(INPUT RECORDS Opens)

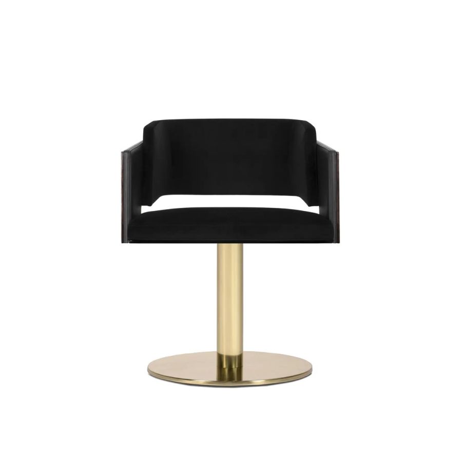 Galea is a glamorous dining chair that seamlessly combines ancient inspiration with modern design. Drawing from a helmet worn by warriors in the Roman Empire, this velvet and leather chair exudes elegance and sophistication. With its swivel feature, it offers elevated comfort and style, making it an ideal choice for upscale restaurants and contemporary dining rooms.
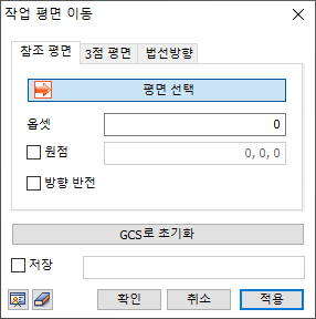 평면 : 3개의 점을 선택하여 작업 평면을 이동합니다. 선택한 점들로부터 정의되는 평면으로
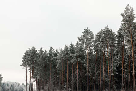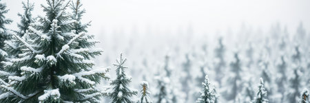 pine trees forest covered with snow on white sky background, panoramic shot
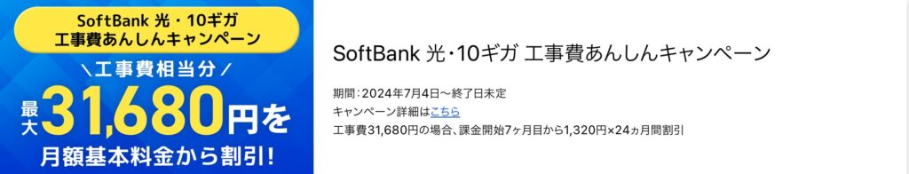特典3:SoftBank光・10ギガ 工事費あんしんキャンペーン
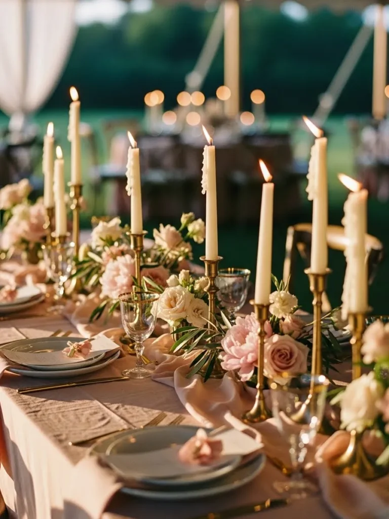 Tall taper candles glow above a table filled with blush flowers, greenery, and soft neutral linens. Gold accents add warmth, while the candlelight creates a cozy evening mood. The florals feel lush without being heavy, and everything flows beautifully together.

(INPUT RECORDS Closes)

* **WHAT IS NEEDED**: Everything from the first line of the entries through the line that contains "特典3:SoftBank光・10ギガ 工事費あんしんキャンペーン" is to be reproduced exactly, except the pictures.

* **WORKED SOLUTION**:
 Galea is a glamorous dining chair that seamlessly combines ancient inspiration with modern design. Drawing from a helmet worn by warriors in the Roman Empire, this velvet and leather chair exudes elegance and sophistication. With its swivel feature, it offers elevated comfort and style, making it an ideal choice for upscale restaurants and contemporary dining rooms.
 평면 : 3개의 점을 선택하여 작업 평면을 이동합니다. 선택한 점들로부터 정의되는 평면으로
 pine trees forest covered with snow on white sky background, panoramic shot
特典3:SoftBank光・10ギガ 工事費あんしんキャンペーン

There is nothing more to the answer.